我正在尝试在其类型参数中组合一些具有复合类型的函数:
trait Contains[T]
trait Sentence
trait Token
def sentenceSegmenter[T] = (c: Contains[T]) => null: Contains[T with Sentence]
def tokenizer[T <: Sentence] = (c: Contains[T]) => null: Contains[T with Token]
我的主要目标是能够用以下简单的东西来组合它们:
val pipeline = sentenceSegmenter andThen tokenizer
但是,这会产生编译错误,因为 Scala 推断需要的类型tokenizer为Contains[? with Sentence] => ?:
scala> val pipeline = sentenceSegmenter andThen tokenizer
<console>:12: error: polymorphic expression cannot be instantiated to expected type;
found : [T <: Sentence]Contains[T] => Contains[T with Token]

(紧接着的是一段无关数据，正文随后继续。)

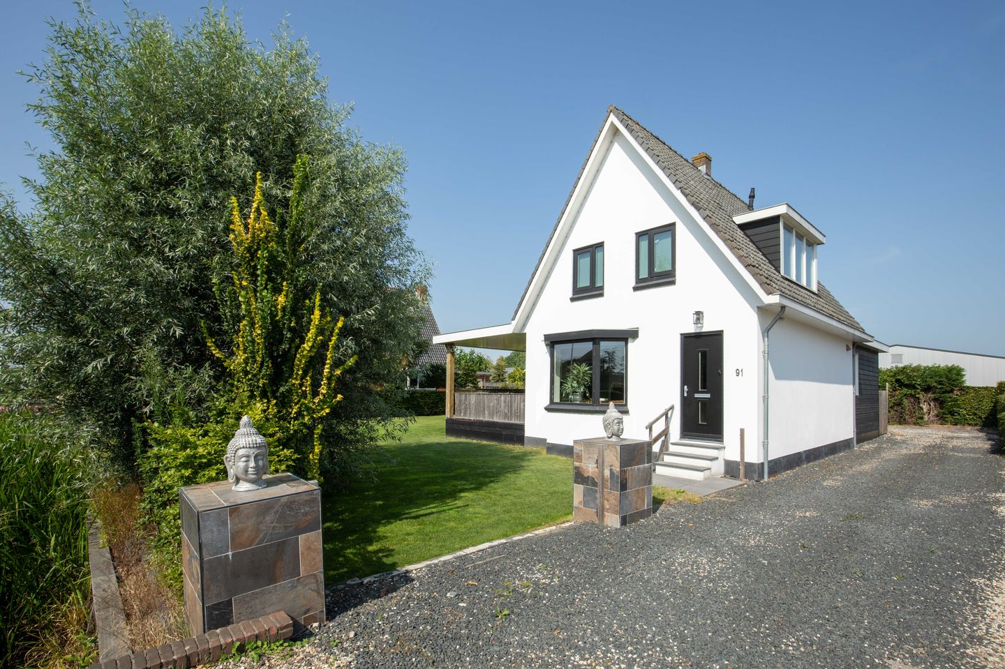 Vrijstaand wonen in een stijlvol gerenoveerde jaren '30 woning op een perceel van 1.003 m² aan de Aalsmeerderweg 91 in Aalsmeer? Dat kan in deze in 2019 gemoderniseerde en uitgebouwde woning. Dankzij de wit gestuukte gevel en de donkere kozijnen heeft de woning een moderne uitstraling gekregen. De achterzijde van de woning is voorzien van een royale uitbouw met grote raampartijen die een fraai zicht bieden op de tuin. Aan de buitenzijde is de woning verfraaid met een sfeervolle veranda en buitenkeuken. Via de oprit rij je het perceel op en kan de auto naast of achter de woning geparkeerd worden.

required: Contains[? with Sentence] => ?
val pipeline = sentenceSegmenter andThen tokenizer
^
我尝试了一个稍微不同的定义,tokenizer它更接近 Scala 推断的类型,但我得到了类似的错误:
scala> def tokenizer[T] = (c: Contains[T with Sentence]) => null: Contains[T with Sentence with Token]
tokenizer: [T]=> Contains[T with Sentence] => Contains[T with Sentence with Token]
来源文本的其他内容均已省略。